Fiber modifications by organosolv catalyzed with H2SO4 improves the SSF of Pinus radiata

• Bioethanol from P. radiata is a promising alternative for fuel in Chile.
• Organosolv catalyzed by an appropriate concentration of H2SO4 promotes structural and morphological changes in P. radiata, such as the formation of lignin droplets.
• The formation of lignin droplets increases the digestibility of the pretreated material to achieve a high conversion of cellulose to glucose.
• The proper dosage of last-generation enzyme Cellic Ctec®3 to achieve high cellulose to glucose conversion is 0044 g of enzyme per g of dry pretreated material.
• High ethanol concentrations and yields in dry wood basis were obtained through SSF and fed-batch SSF using the thermotolerant strain of Saccharomyces cereviseae IR2-9a at high substrate loadings.
• With the feb-batch SSF strategy the viscosity of the formulations are kept low, and good mass transfer is maintained throughout the experiments.
• From the results obtained by SSF, either in batch or fed-batch mode, it follows that high concentrations of ethanol are achieved thanks to the good enzymatic accessibility and digestibility of the pretreated material obtained.
• Using the fed-batch SSF strategy increases the volumetric productivity (QP) of the reactions.
• Cellulase Cellic Ctec®3 enzyme complex maintains a suitable catalytic activity at 40 °C and is not affected by high concentrations of ethanol.
• The highest ethanol concentration obtained was 85.01 g/L. This final concentration inhibits the fermentation by thermotolerant S. cerevisiae IR2-9a.

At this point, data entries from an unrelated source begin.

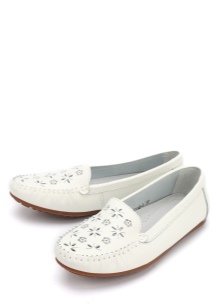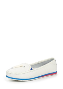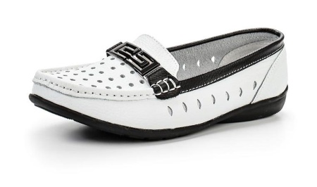 A fehér mokaszinok nem alkalmasak plusz méretű és alacsony természetű tulajdonosok számára. A zárt forma és a sarok hiánya miatt az figura guggolhat, vizuálisan lerövidítheti a lábait, és szélességet adhat a vállakhoz és a csípőhöz.
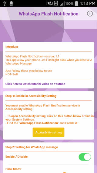 - We made this Application aim to help people who want flashlight notification customized for WhatsApp and improve user experience when using the app.
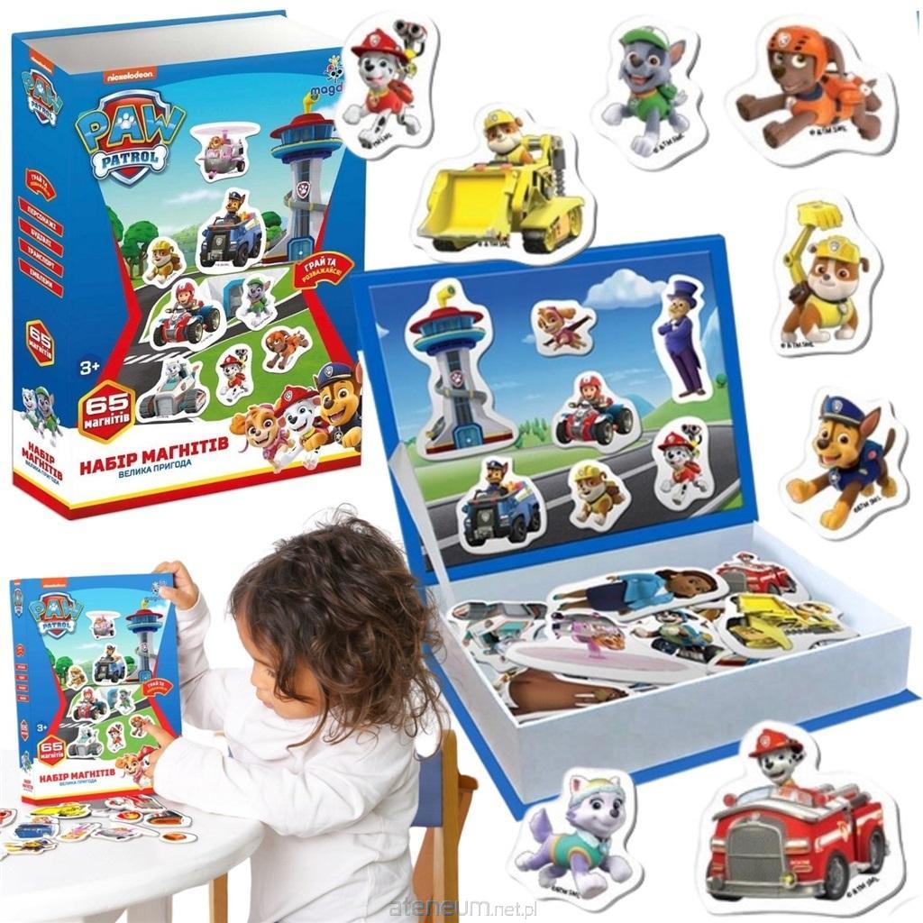 Duży zestaw magnesów Magnetyczna opowieść Psi Patrol to super prezent dla dziecka! W książeczce z polem magnetycznym znajduje się 65 magnetycznych figurek. Jak się bawić? Wybierz postacie, ich pojazdy, budynki, emblematy i umieść je na teren, wymyślanie historii! Nowy dzień - nowa gra, bo magnesów jest tyle. Zabawa figurkami rozwija koordynację ruchową, mowę, wyobraźnię, uwagę i pamięć. Zestaw możesz zabrać ze sobą na wakacje, bo wszystko czego potrzebujesz jest zawsze pod ręką. Magnesy są trwałe, wygodne dla dziecięcych dłoni i bezpieczne. Dla dzieci od 3 roku życia. Opakowanie: 65 magnesów. Rozmiar pudełka: 15 22 4,5 cm.
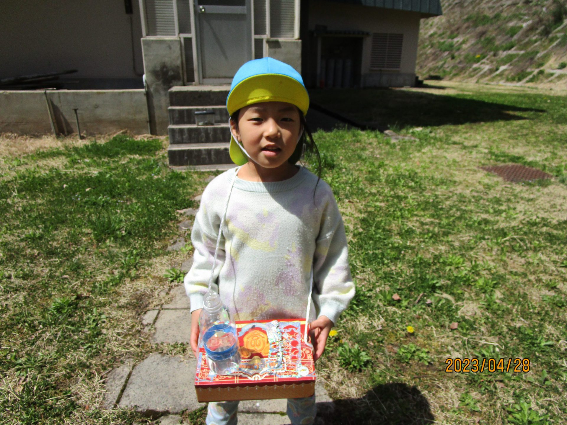 使いやすかったという子は、シールやテープを貼って「もっとかわいくなった!」と更に自分好みに素敵なアレンジ♪ビニールテープでひもを貼っていて取れてしまった子は「ガムテープにしてみる!」とテープを変えてみたり、お散歩バッグの隙間にカナヘビが挟まってしまった子は「カナヘビ用にする!」と隙間をガムテープで塞ぎ、カナヘビが挟まらない専用のお散歩バッグにしたりと改良ポイントもまた様々♪たくさんの失敗や成功の経験を積んでいき、少しずつ考えたり工夫したりと成長していく子どもたちです!
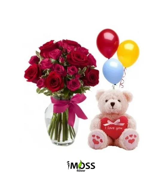 VAZODA 21 GÜL AYICIK VE BALONLAR Tasarım 'da kullanılan çiçek ve aksesuarlar stok durumuna göre farklılık gösterilebilir.
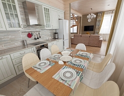 кухня, диван, зеркало, кровати односпальные /одна двуспальная кровать, прикроватные тумбочки, стол, стулья, тумба, шкаф
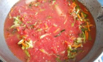 • В томатный сок солить, положить мелко нарезанную петрушку. Налить к луку-порею с овощами.
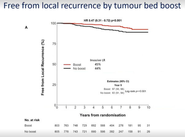 2007年6月至2014年6月,1608例患者被随机分为无局部加量组(805例)和局部加量组(803例)。831例患者接受常规WBI治疗(416例无加量;415名患者加量)。777例患者给予大分割放疗(389例患者无加量,388例患者加量)。无加量组106例(13%)和加量组105例(13%)采用辅助内分泌治疗。平均随访时间为6.6年。无加量组5年无局部复发率为93%,加量组为97%(HR=0.47,95%CI:0.31~0.72,P<0.001)。瘤床加量组的获益与年龄、肿瘤大小、核分级、手术切缘、内分泌治疗与否均无相关性。全乳放疗常规分割与大分割,在五年无局部复发率上没有显著差异(95% vs .95%,P=0.89)。两组之间2级以上的乳房疼痛、皮肤及皮下纤维化大致相仿。
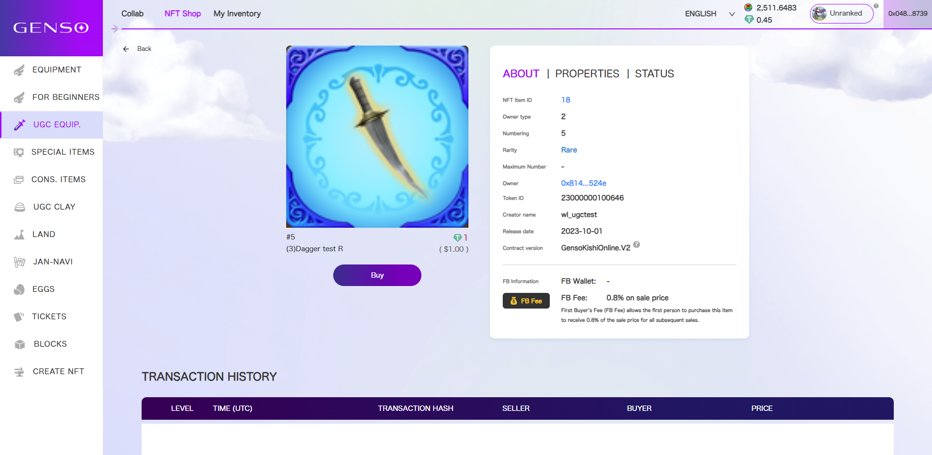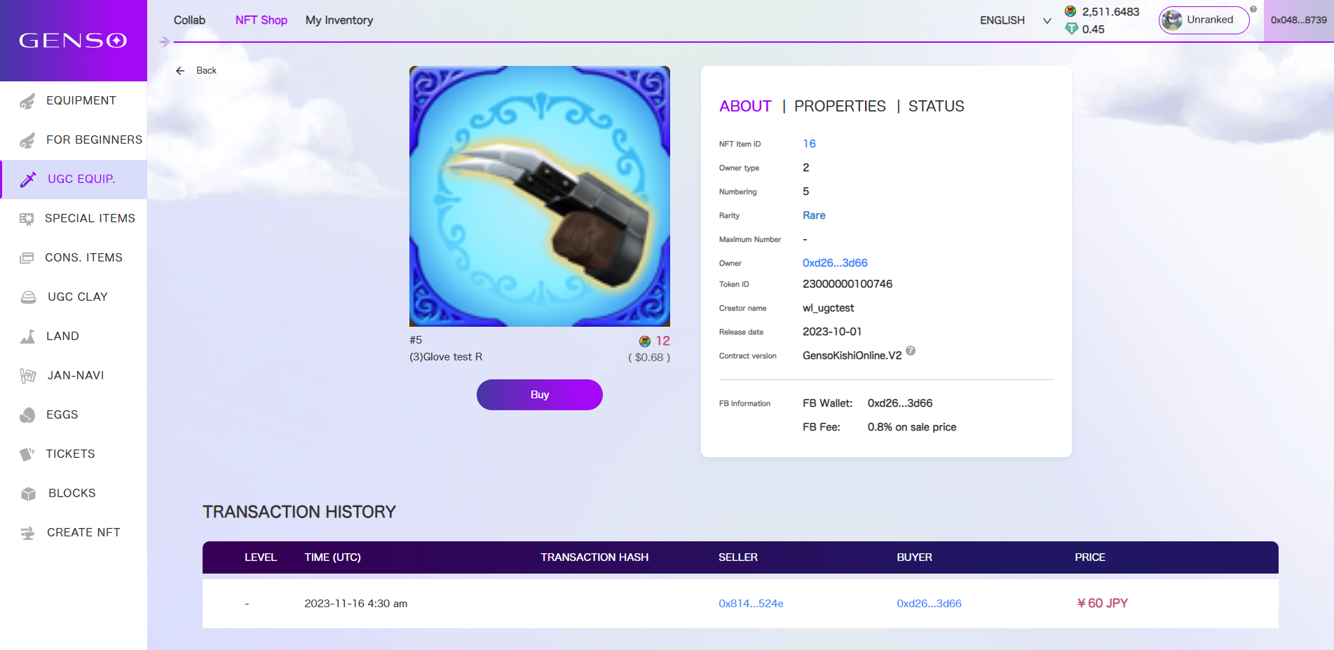 Furthermore, NFTs in the UGC equipment list screen that display the "FB Fee" icon in their thumbnails are NFTs to which the 1stBuyerFee has not been applied. You can also check the applicability of the 1stBuyerFee on the list screen.
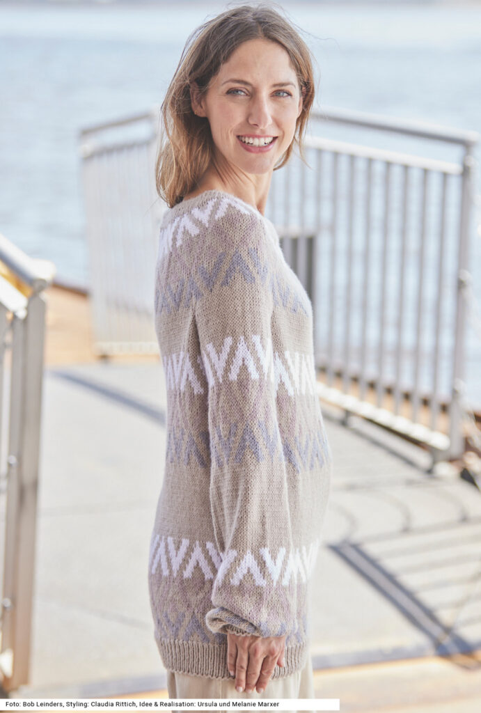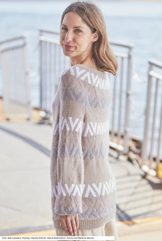 Dieser Pullover hat einen außergewöhnlichen Schnitt: Zunächst werden die einzelnen Teile ganz gerade von unten nach oben mit einer kurzen Raglanschrägung gearbeitet, dann folgt die rundgestrickte Passe. Zwischen den sandfarbenen Streifen gibt es Jacquardstreifen, mal in Grau, mal in Rosenholz, mal in Weiß mit sandfarbenem Hintergrund. Er ist aus einem besonders weichen und strapazierfähigen Microfaser-Garn (je 50 % Polyacryl und Polyamid) gearbeitet. Die Bündchen und die Halsausschnittblende sind im 1/1-Rippenmuster gestrickt. Eine Anleitung ist für die Größen 36/38 und 42/44 vorhanden.
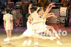 中國人民解放軍軍樂團八日晚在澳門綜藝館舉行精彩演出,圖為演出的“女兵舞”給觀眾留下了深刻的印象。李剛 攝

Pinus radiata is an appropriate feedstock for the production of second-generation bioethanol through a biochemical platform due to its high content of fermentable sugars. However, because of this tree’s recalcitrance, a suitable pretreatment is necessary. In this paper, the effect of the concentration of H2SO4 as a catalyst for the organosolv pretreatment for this raw material was studied. It was determined that a concentration of 1.1% of H2SO4 promotes structural and morphological changes, such as the formation of lignin droplets, which increase the digestibility of the pretreated material to achieve an efficient conversion of cellulose to glucose of 94% using the proper dosage of a last-generation cellulase complex. Because of the good digestibility of the pretreated material obtained, it was possible to obtain high concentrations of ethanol, reaching 85.01 g/L after 72 h of reaction, working with fed-batch simultaneous saccharification and fermentation at 40 °C at high substrate loadings using the thermotolerant strain of Saccharomyces cerevisiae IR2-9a. The importance of obtaining high concentrations of ethanol is that if the concentrations are above 4%, the cost of the distillation process is decreased.